The advances will be made through enhancements in the artificial intelligence (AI)-native Juniper Mist platform. This includes agentic AI-powered troubleshooting, expanded visibility and control of self-driving actions, a generalised large experience model (LEM), and AIOps features for datacentres. These moves are designed to reduce IT complexity and assure “exceptional” user experiences from client to cloud.

“Today’s networks must do more than connect – they must understand, adapt and act,” said HPE Networking executive vice-president, president and general manager Rami Rahim. “With these new digital experience twin and agentic AI capabilities in Juniper Mist, we continue to turn the network into a proactive partner for IT, capable of solving problems before they impact users. This is a major leap toward truly self-driving operations, helping our customers simplify complexity, reduce costs and deliver exceptional digital experiences at scale.”

The Mist enhancements will be driven by improvements to Marvis, the AI engine that powers the platform. Specifically, these will be grouped around four key areas: enhanced conversational capabilities; expanded self-driving actions; generalised LEM; and AI for datacentre operations.

Marvis AI analyses telemetry across the wired, wireless, WAN and datacentre domains, and creates automated workflows to simplify operations and lower costs.
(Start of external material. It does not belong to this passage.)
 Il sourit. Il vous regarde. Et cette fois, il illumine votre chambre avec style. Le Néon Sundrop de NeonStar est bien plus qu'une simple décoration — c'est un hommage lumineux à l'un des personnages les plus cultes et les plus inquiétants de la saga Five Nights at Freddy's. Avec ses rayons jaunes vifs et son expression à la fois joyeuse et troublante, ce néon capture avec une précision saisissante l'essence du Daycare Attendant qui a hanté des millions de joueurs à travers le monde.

AI-driven support uses trouble ticket data to continually train and increase the efficacy of the Marvis AI engine, and a fully application programming interface-driven model works with external systems and applications, like Zoom, Teams and ServiceNow, to quickly identify and fix the root cause of problems.
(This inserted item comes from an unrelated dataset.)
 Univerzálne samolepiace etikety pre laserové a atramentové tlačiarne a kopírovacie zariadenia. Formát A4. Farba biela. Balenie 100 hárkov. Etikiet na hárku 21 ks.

The Marvis AI assistant will now have augmented conversational capabilities that facilitate real-time troubleshooting. By using an agentic AI framework, HPE says customised insight is provided with self-driving agents that collaborate across the wired, wireless, WAN, client and application domains. A Marvis Actions dashboard will support the autonomous remediation of more network issues, including misconfigured ports, capacity issues and non-compliant hardware – with full IT oversight.
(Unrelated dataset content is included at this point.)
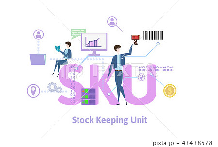 SKU, stock keeping unit. Concept table with keywords, letters and icons. Colored flat vector
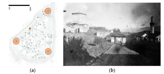 Details of city fortress. (a) Scheme of the facilities of the City Fortress—Actual state: 1—Northern Tabia; 2—Western Tabia; 3—Southern Tabia; 4—Tower Motrilja; 5—Tower Dzephana; 6—Gunpowder tower–Bartuthana; 7—Zindan; 8—Modern-day Library. (Drawing design: Lejla Zećirović). (b) Entrance into the Fortress (Photo source: Tower Dzephana, 1916, private archive of Vladan Vidosavljević).

The LEM is an AI model that is said to be unique to HPE Juniper Networking, analysing billions of data points from applications like Zoom and Teams to troubleshoot the performance of common collaboration tools and predict future issues. Enhanced with Marvis Minis – twins that simulate user experiences – LEM can now predict future application experiences without real-time data from the applications themselves. This is fed into the Marvis AI engine where self-driving actions can be taken to optimise future performance, prior to users even being present.

Within datacentre operations, the Marvis AI Assistant for Data Centre integrates with Apstra’s contextual graph database to deliver intelligent insights and lay the groundwork for autonomous service provisioning. Marvis Minis also extends to the datacentre for continuous service validation and application assurance pertinent to datacentre networks.

These capabilities are also seen as bolstering GreenLake Intelligence, HPE’s next approach to autonomous IT and agentic AIOps, which deploys specialised AI agents in a multi-layered IT architecture. This is designed to enable real-time problem-solving, proactive optimisation and smarter decision-making across networking, storage and compute. 

HPE believes the agentic AI capabilities in Juniper Mist shift IT from reactive to proactive management, laying the groundwork for significant improvements in performance and efficiency.

“Operations teams need tools that speed resolution, boost efficiency and ensure user experience at scale,” said Bob Laliberte, principal analyst at The Cube Research.

“For over a decade, HPE Juniper Networking solutions have pioneered the use of AI in network operations, accelerating the journey toward self-driving networks. With its latest advances in agentic AI and GenAI, powered by Marvis, HPE is delivering real autonomous capabilities that enable predictive intervention, letting ops resolve issues before users even notice.”